PGA TOUR Canada players feeling pressure

“Pressure pushing down on me …”

This opening line from “Under Pressure,” the 1981 collaboration between David Bowie and Queen, sums up what the 132 golfers teeing it up this week at the TOUR Championship of Canada presented by Freedom 55 Financial are surely feeling.

After eight events in PGA TOUR Canada’s inaugural year, it all comes down to this. The squeeze is on. The butterflies in the player’s stomachs are beating their wings a wee bit faster. On the line: TOUR cards for 2014 for the top five on the Order of Merit, exemptions to the final stage of Q-school for Nos. 6-10 and a bye to the second stage of q-school stage for Nos. 11-20.

With less than $300 separating third through fifth on the Order of Merit — and $7,000 separating fifth from 10th — anything can happen this week at Sunningdale Golf & Country Club in London, Ontario.

Graham DeLaet, who currently ranks fifth in the PGA TOUR’s FedExCup, played both PGA TOUR Canada and Tour. He knows the added incentive this week will be a huge motivator.

“When we were out there, it’s not that we didn’t want to play well because we did, and we wanted to make as much money as we could, but there was nothing to really play for other than the week-to-week cheques,” says DeLaet.

DeLaet’s good friend Joe Panzeri agrees. The 27-year-old from Idaho, who won the ATB Financial Classic in Calgary, Alberta earlier this summer, heads into the TOUR Championship of Canada holding the fifth spot on the Order of Merit with $39,312.73, just over $3,000 ahead of his next competitor.

“I feel like I’m in a good spot,” Panzeri says. “If someone told me at the beginning of the year that I would be where I am, I would have been happy to hear that. At the same time, this event is big. You could miss the top five by a couple hundred bucks, so each shot is a big deal.”

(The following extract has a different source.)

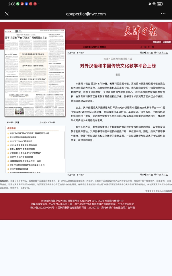 第十六届新领军者年会(夏季达沃斯论坛)将于6月24日至26日在天津举行。开云链接官网派出188名师生志愿者参与本届夏季达沃斯论坛,他们将以丰富的翻译经验与技能、较强的跨文化能力和暖心的志愿服务,向世界展现天津青年的良好形象。 开云链接官网英语学院翻译系主任李云靖刚上完上午的课,便通过电脑收发整理往来邮件,中午还要赶往国家会展中心(天津)参与本届夏季达沃斯论坛筹备工作。最近半年来,他这样“学校会场两头跑”已是常态,有时遇到一些临时紧急的翻译任务,还会忙到深夜。 李云靖是一名参与过多次国际会议志愿服务的“老兵”,第十四届夏季达沃斯论坛、第十五届夏季达沃斯论坛、世界经济论坛2025年年会、2025中国—上海合作组织人工智能合作论坛等,都有他忙碌的身影。 “从会前的多语种资料翻译到会议期间的语言服务,从重要会谈的现场口译到文化活动的多语种讲解,从证件注册到外事接待,变的是工作内容和地点,不变的是天外志愿者的初衷、热情和全身心投入。”李云靖说,随着会期日益临近, (下转第2版) (上接第1版) 他随身携带相关专用词汇表、笔记本等“老战友”,带领学生反复演练口译技巧与文化阐

Whether Panzeri lives up to this added pressure this week and gets his Tour card or not, he’s happy with the progress he’s made on PGA TOUR Canada this season.

“I just told myself to work hard all year and not have any regrets at the end of the season,” he says. “I can’t control what anybody else does; I can just control what I do. My goal is to get back in the mix and try to get another win.”

Lucky for Mackenzie Hughes, the pressure is off. The 22-year-old from Dundas, Ont., who began the year with no PGA TOUR Canada status, locked up his Tour card with a victory last week at the Cape Breton Celtic Classic.

“To win on PGA TOUR Canada means so much,” said Hughes, a two-time Canadian Amateur champion. “It’s been a crazy year. If you told me at the start of the year after I missed those first few cuts that I’d be No. 1 on the Order of Merit heading to the TOUR Championship, I’d say ‘stop messing with me.’”

For others, there is no more time to mess around. Riley Wheeldon, who Hughes knocked out of first place, currently sits in second on the Order of Merit with $43,987.50. While he missed a few cuts late in the season, the 22-year-old from British Columbia started the year strong with a third-place finish in Victoria and later won his first PGA TOUR Canada event at The Syncrude Boreal Open.

The added pressure this season is something he’s definitely felt.

“It’s a pretty deep Tour now and anybody can win,” Wheeldon says. “With the added incentive of the Tour card, the Tour has definitely gotten stronger.

“Everyone has been playing with extra motivation since there is a lot more on the line. Obviously, coming down the stretch, there is more pressure on us than there was last season and pretty much any season I’ve played before. I’m just trying to get used to it and go out there and play the way I can … hopefully the results will take care of the card.”

Just outside the top five sits Nick Taylor. Like Wheeldon, he hails from British Columbia. While a victory has eluded the 25-year-old, he’s been the most consistent player this season on PGA TOUR Canada with five top-10s in eight events and only one missed cut. The increased competition, he says, has helped him take his game to another level.

“Look at the scores each week, there are some crazy low scores,” said Taylor, who sits seventh on the Order of Merit. “If you are not making birdies in any of the rounds you are getting lapped.”

Taylor hopes he’s the one who sets the pace for the field this week, not one the players that gets lapped.

“It will be really exciting,” he said. “Going into this tournament, a win could jump someone like me into the top five. That adds a lot of excitement. It will be fun to be a part of this.”